* **WHAT YOU ARE ASKED TO DO**:
Every line below from the one with "Rudbeckie vlevo nahoře" through the one with "Türk Sağlık-Sen Antalya" is to be repeated exactly, with no picture among them.

* **DATA FOR THIS TASK**:

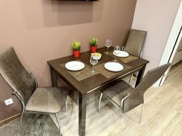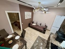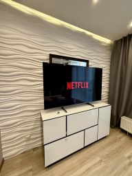 В апартаментах для удобства гостей имеется двухспальная кровать 160х200 см с ортопедическим матрасом Аsсоnа, премиальное белоснежное постельное бельё, мягкие подушки и одеяло, увлажнитель воздуха, кондиционер, утюг, зарядные устройства, сейф, Smаrt ТV на 1000 каналов, доступ к онлайн кинотеатрам бесплатно, стабильный wi-fi.
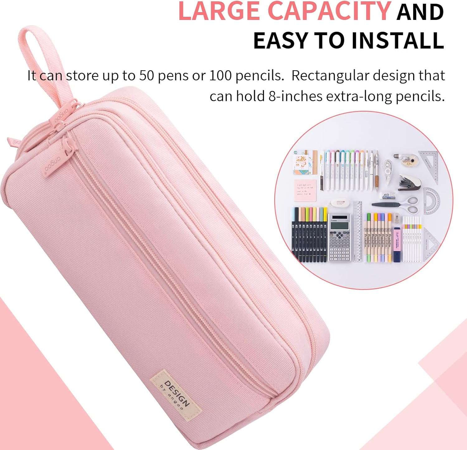 HVOMO Large Pencil Case High Capacity Holder Box Storage bag Desk Organizer Marker Pouch Pen For Middle School Office College Adult Girl and Boy(Pink)
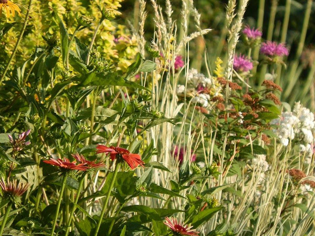 Rudbeckie vlevo nahoře teprve začínají nakvétat, červenokvěté třapatky nachové však už svou krásu dávají na obdiv, růžovofialové květy v dáli patří monardě, drobné bílé květy mému oblíbenému řebříčku bertrámu – vypadá skvěle v kyticích z živých i sušených květin.
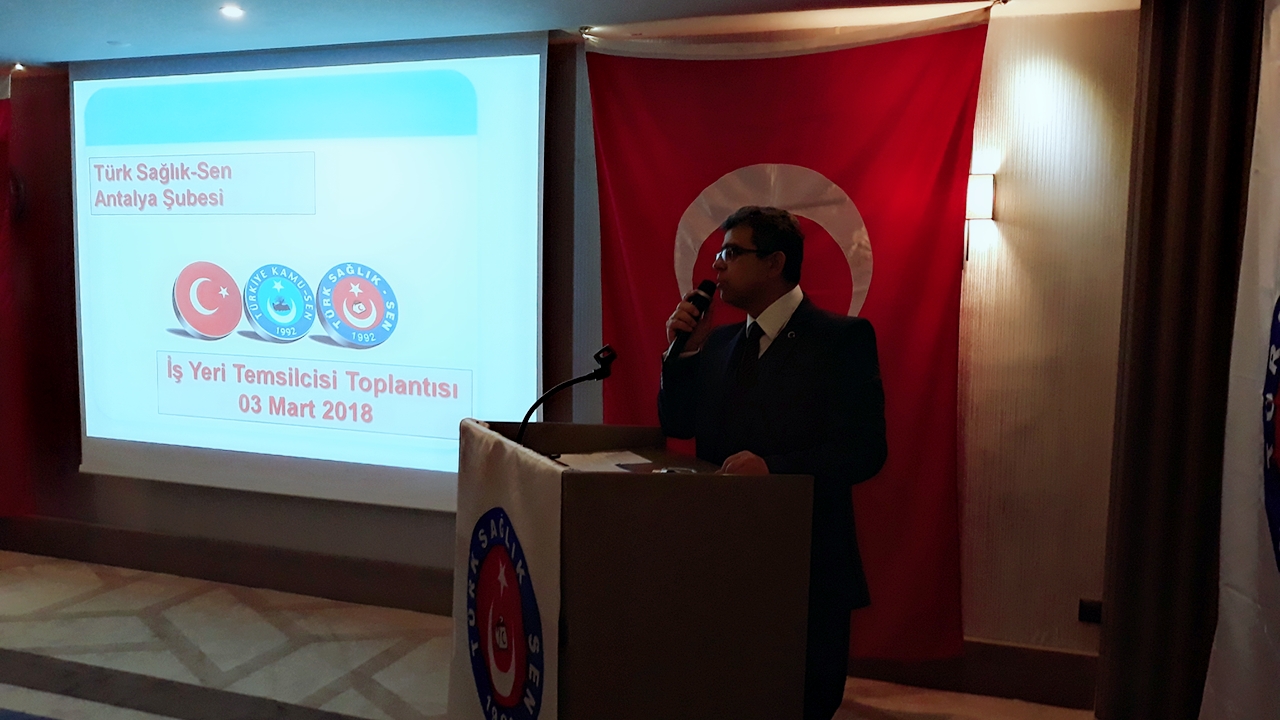 Türk Sağlık-Sen Antalya Şubesi Başkanı, yönetim kurulu üyeleri ve değerli temsilcileri olarak birlik ve beraberliğimizin ilelebet daim kalacağını gösterdik. Şube Başkanımız yaptığı konuşmada ''Sendikamız için kilit noktada olan ve çalışanlarla bir araya gelen onlarla en çok vakit geçiren teşkilat mensubumuz olarak iş yeri temsilcilerimiz daima kendilerini geliştirmeli ve öğrenmeye her daim açık olmalıdır. Sendikal mücadelemizin kıymetlileri olan iş yeri temsilcilerimizin çalışanla geçirdiği vakti, öğrendiği ve aktardığı her yeni bilgiyi, yaptığı her görüşmeyi en önemli sendikal faaliyet olarak görmekteyiz'' diye dikkat çekti.
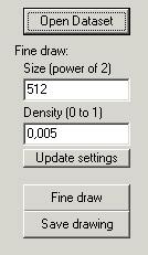 „FINE DRAW“ Knopf dient zum Rendering mit hoher Qualität. „SAVE DRAWING“ speichert das letzte fine rendering.
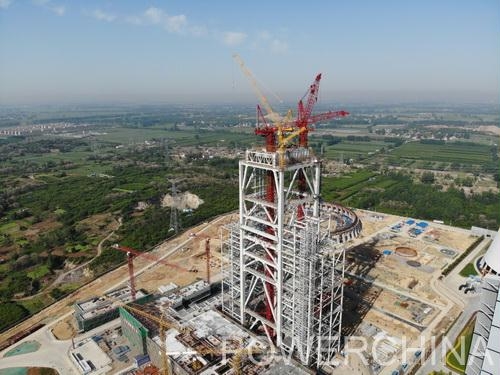 2018年8月31日,冷却塔桩基工程开始施工,标志着国内第一高塔进入到施工阶段,到2019年12月24日筒身比原定计划提前一周顺利完成100板(160米)。
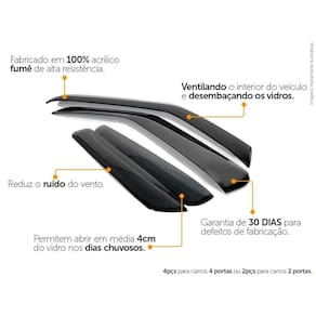 Com nossas calhas mesmo em dias chuvosos nos permitem de abrir as janelas de 4cm a 6cm dependendo do nível da chuva, e reduzindo os ruídos dos ventos quando a janela estiver aberta dando a possibilidade de ventilar o carro.
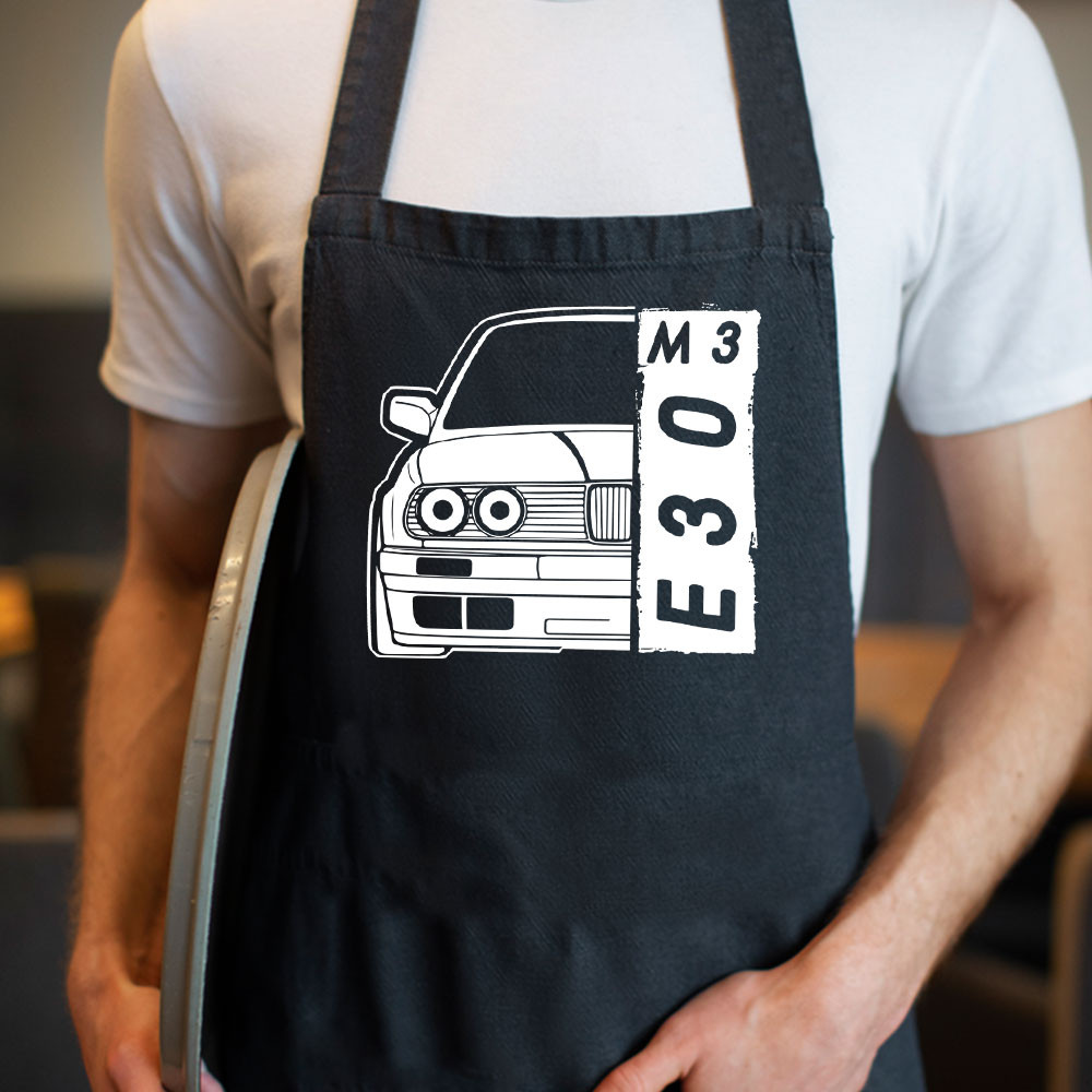 BMW ajándék, BMW M3 E30 kötény. Ha imádod a sebességet és a száguldást ez a BMW M3 E30 mintás kötény a tied is lehet, nincs más dolgod mint kiválasztani a megfelelő színű kötényt és megrendelni, mi pedig pár napon küldjük neked álmaid kötényét.
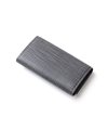 本体には、少し大きめで不規則な角シボの型押し牛革を使用しています。染色は凹部を明るく、凸部を暗めにし、マットな質感で表現しています。この革は顔料で発色が良く、傷もつきにくく、非常に丈夫な素材です。時間が経ってもへたれにくいので、長くお使いいただけます。また、ロゴはクロニッケルの極薄の金具を熱圧着で密着させ、非常に繊細で上品な表現に仕上げました。
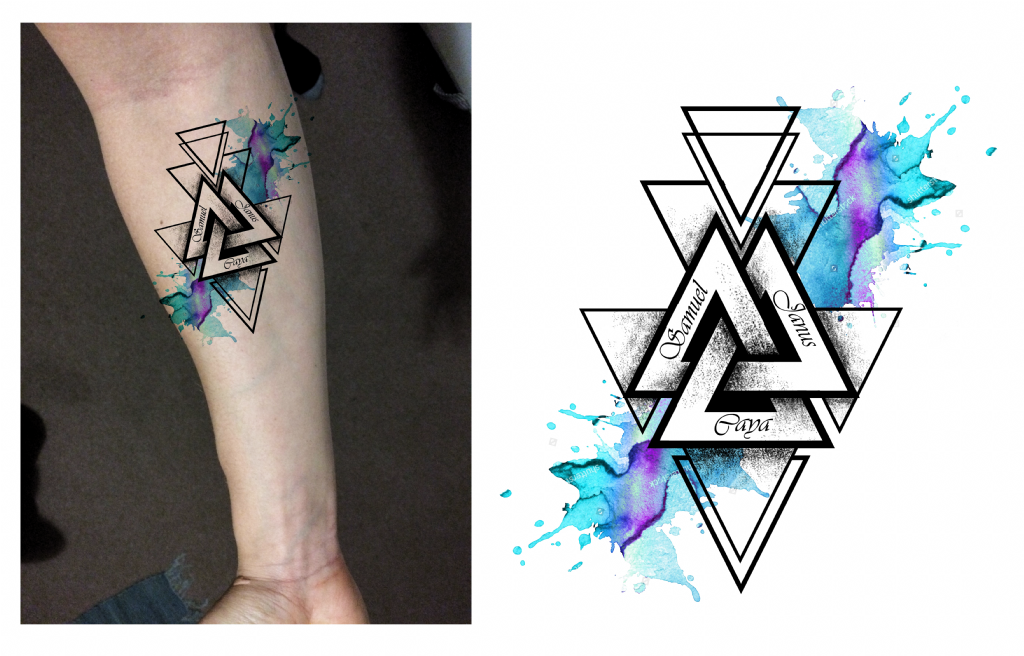 Прекрасная татуировка, сочетающая в себе художественную и научную природу. Это определенно для умного парня, который также имеет более глубокое понимание природы и духовности. Переплетенные треугольники, изображающие притяжение противоположностей, которое считается фундаментальной силой природы. Эта татуировка для посвященных.
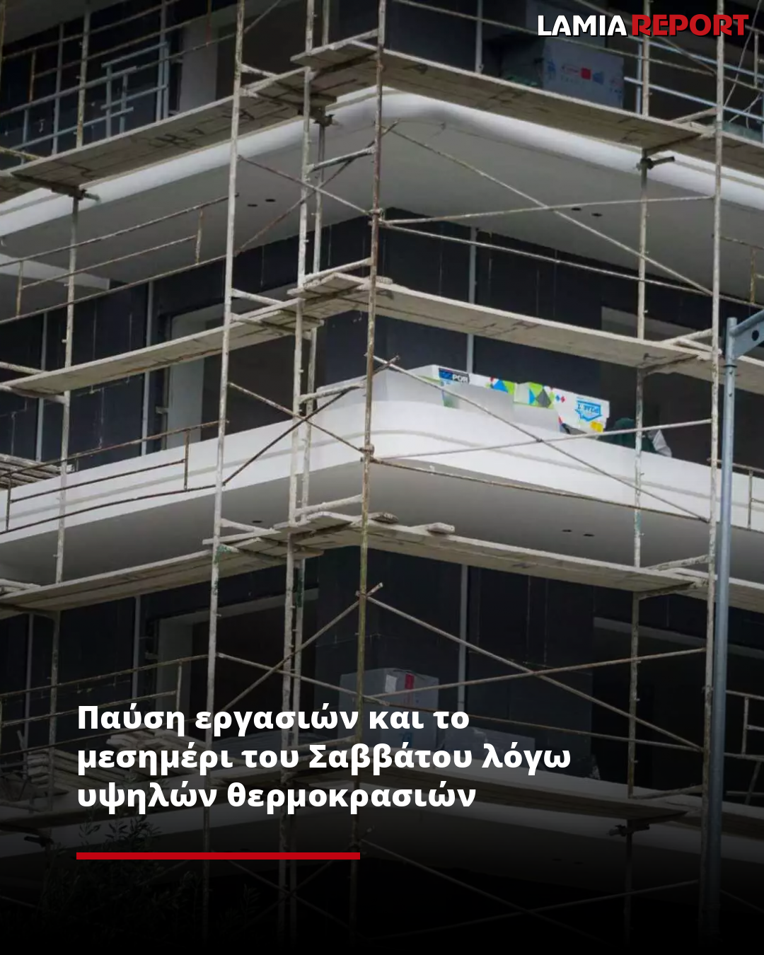 Για τους εργαζόμενους επιχειρήσεων που βρίσκονται σε περιοχές, στις οποίες σύμφωνα με τα νεότερα προγνωστικά στοιχεία της Εθνικής Μετεωρολογικής Υπηρεσίας (ΕΜΥ) αναμένεται να επικρατήσουν ιδιαίτερα υψηλές θερμοκρασίες και επίπεδα δυσφορίας (WBGT) στις Περιφέρειες Κεντρικής Μακεδονίας, Ανατολικής Μακεδονίας και Θράκης και Θεσσαλίας, στην Περιφερειακή Ενότητα Αιτωλοακαρνανίας, στην Πελοπόννησο και την ανατολική Ρόδο, καθίσταται υποχρεωτική παύση εργασιών, κατά το χρονικό διάστημα 12.00΄-17.00΄, και στην Αττική (εκτός νήσων), στην Περιφέρεια Ηπείρου, στις Περιφερειακές Ενότητες Φθιώτιδας, Βοιωτίας, Εύβοιας και στην Νότια Κρήτη καθίσταται υποχρεωτική παύση εργασιών, κατά το χρονικό διάστημα 12.00΄-16.00΄, το Σάββατο 26.07.2025, σε χειρωνακτικές εργασίες που εκτελούνται σε εξωτερικό χώρο, όπως εργασίες σε τεχνικά και οικοδομικά έργα, εργοτάξια, ναυπηγοεπισκευαστικές ζώνες, διανομή και μεταφορά προϊόντων και αντικειμένων με δίτροχο όχημα, πατίνι, τροχοπέδιλα (delivery), κ.λπ.
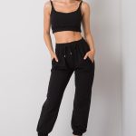Spodnie dresowe damskie z gumką i wiązaniem w pasie. Po bokach kieszenie wsuwane.
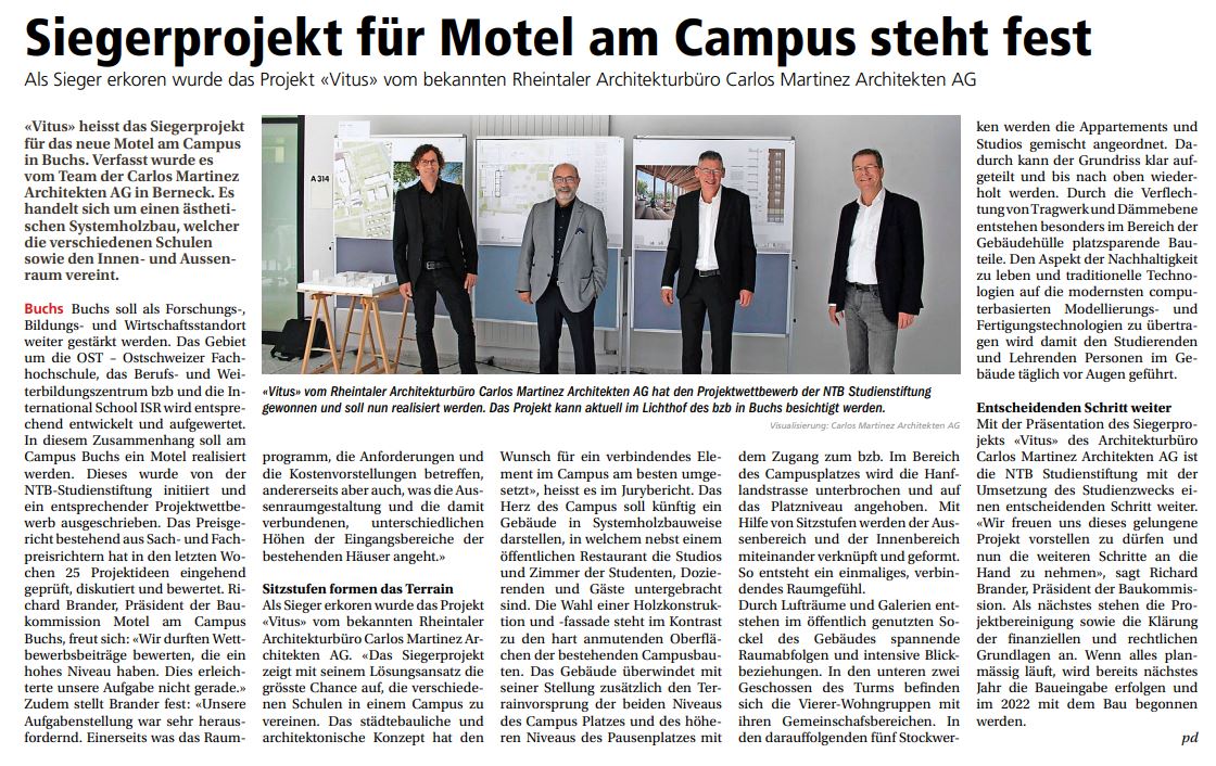 Am 15. Oktober 2020 wurden die Medien über das Siegerprojekt des Campus Motel orientiert.

* **RESPONSE BOX**:
 Rudbeckie vlevo nahoře teprve začínají nakvétat, červenokvěté třapatky nachové však už svou krásu dávají na obdiv, růžovofialové květy v dáli patří monardě, drobné bílé květy mému oblíbenému řebříčku bertrámu – vypadá skvěle v kyticích z živých i sušených květin.
 Türk Sağlık-Sen Antalya Şubesi Başkanı, yönetim kurulu üyeleri ve değerli temsilcileri olarak birlik ve beraberliğimizin ilelebet daim kalacağını gösterdik. Şube Başkanımız yaptığı konuşmada ''Sendikamız için kilit noktada olan ve çalışanlarla bir araya gelen onlarla en çok vakit geçiren teşkilat mensubumuz olarak iş yeri temsilcilerimiz daima kendilerini geliştirmeli ve öğrenmeye her daim açık olmalıdır. Sendikal mücadelemizin kıymetlileri olan iş yeri temsilcilerimizin çalışanla geçirdiği vakti, öğrendiği ve aktardığı her yeni bilgiyi, yaptığı her görüşmeyi en önemli sendikal faaliyet olarak görmekteyiz'' diye dikkat çekti.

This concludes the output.